HighGene is a Python package enabling the visualisation of normalised gene counts. Instead of displaying absolute gene counts, will generate a figure with normalised counts based on the total amount of genes per species. Subsequently the Z-Score is calculated for each class. HighGene contains analyses built specifically for JGI's Mycocosm formatted Gene Class Classification results (eg., KOG/KEGG Classes), but allows for the visualisation of custom files.
HighGene can be installed by first cloning this GitHub repository. Subsequently, go into the location where the repository was saved and use pip to install the package.
# Clone repository
git clone https://github.com/WesterdijkInstitute/HighGene.git
# Go into repository location
cd .../HighGene/
# Install package with pip
pip install .
HighGene requires 3 inputs, the input folder, output folder and file name and the analysis mode.

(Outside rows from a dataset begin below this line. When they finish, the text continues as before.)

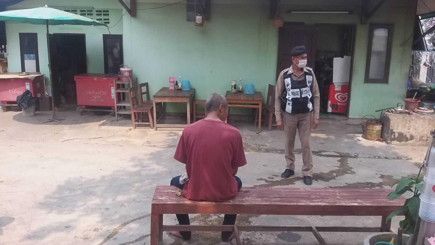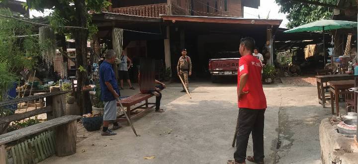 สอบสวนฝ่ายปกครองในพื้นที่ เบื่องต้นนายโอ๋ มีอาการป่วยทางจิตจากปัญหาเสพยาเสพติด และคาดว่า วันนี้อาจจะเสพยาเกินขนาด จึงเกิดอาการคุ้มคลั่ง เบื้องต้นจากการตรวจสอบ ความเสียหายพบว่านายโอ๋ ได้ใช้อาวุธทุบมิเตอร์ไฟฟ้า ที่หน้าบ้านหลังหนึ่งในหมู่บ้านแตกเสียหาย จึงได้ประสานให้เจ้าของบ้านไปแจ้งความดำเนินคดี เนื่องจากหม้อไฟเสียหาย หากมีฝนตกลงมาจะลำบาก อาจจะเกิดไฟฟ้าช็อตได้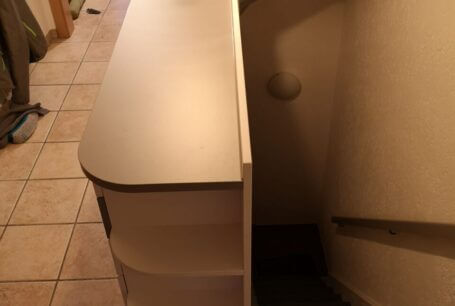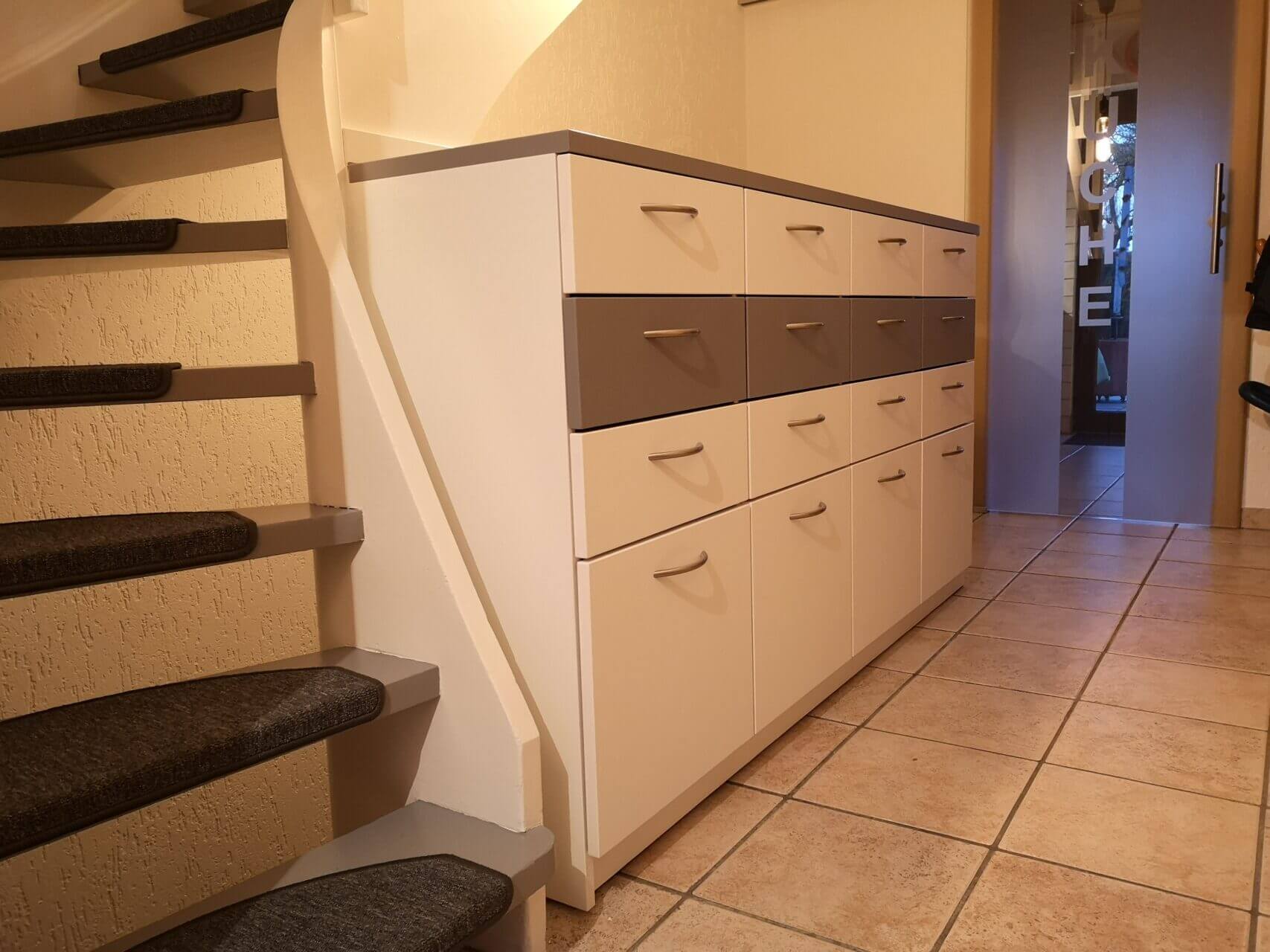 Entstanden ist dieses Schubladen-Sideboard mit viel Platz für Schuhe, Kram und Kleinigkeiten. Unempfindlich, schlank und zweifarbig. Gleichzeitig dient das Möbel als Absturzsicherung oberhalb der Kellertreppe. Ein zusätzliches Geländer ist somit nicht nötig.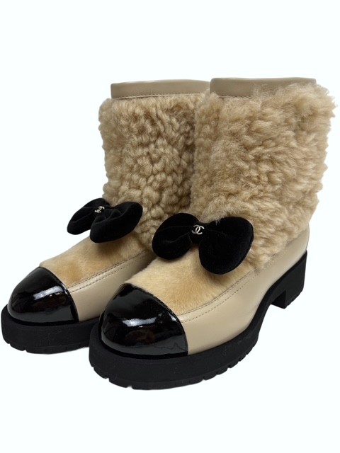 未使用!25Nココネージュ・リボン付シアリングラムムートンブーツ・定価394,900円¥140,000(税込¥154,000)

usage: HighGene [-h] -i INPUT -o OUTPUT -m {0,1,2,3,4,5}
HighGene - Highlighting gene content varation, For more information see: https://github.com/WesterdijkInstitute/HighGene
options:
-h, --help show this help message and exit
-i INPUT, --input INPUT
Input folder
-o OUTPUT, --output OUTPUT
Output folder + File name
-m {0,1,2,3,4,5}, --mode {0,1,2,3,4,5}
Analysis modes:
0: Custom File
1: Transcription Factors
2: Peptidase Clans
3: CAZymes
4: KEGG
5: KOG
In addition to a protein fasta file of the proteome of each species, the different analysis modes all require different files to be present in the input folder. They are the following:
-
Custom file:
- A .tsv file with two columns and headers for each species.
- 1: Protein ID
- 2: Class prediction
- A .tsv file with two columns and headers for each species.
-
Transcription Factors:
- An InterPro classification file (JGI) for each species. 'IPR' must be included in the file name
- A .tsv file named 'TF_PFAM.tsv' containing the Pfam Accessions for the transcription factors of interest.
-
Peptidase Clans:
- An InterPro classification file (JGI) for each species. 'IPR' must be included in the file name
- A .tsv file named 'Pep_PFAM.tsv' containing the Pfam Accessions for the peptidase clans of interest.
-
CAZymes:
- A CAZyme prediction results from dbCAN3 for each species. 'CAZy' must be included in the file name
-
KEGG:
- A KEGG classification file (JGI) for each species. 'KEGG' must be included in the file name
-
KOG:
- A KOG classification file (JGI) for each species. 'KOG' must be included in the file name
-
Headers of classification files should always start with a #
-
It is important that all files start with the same abbreviated species name that is also used in the protein fasta file followed by an underscore (e.g., Species1_Genes.fasta). Additionally, the abbreviated species names may NOT contain an underscore (e.g., Species1_A_Genes.fasta). If this is the case in the protein fasta files, change the names accordingly. HighGene uses this to determine which fasta file belongs to which gene classification files.
-
When downloading protein fasta files from JGI's Mycocosm, the fasta headers will be formatted as: 'jgi|Species1|0000001|...'. HighGene requires this fasta header format. If a different header is present, change it to something that looks like JGI's format (e.g., abc|Species1).
-
Examples of all file format types can be found under the 'Examples' folder.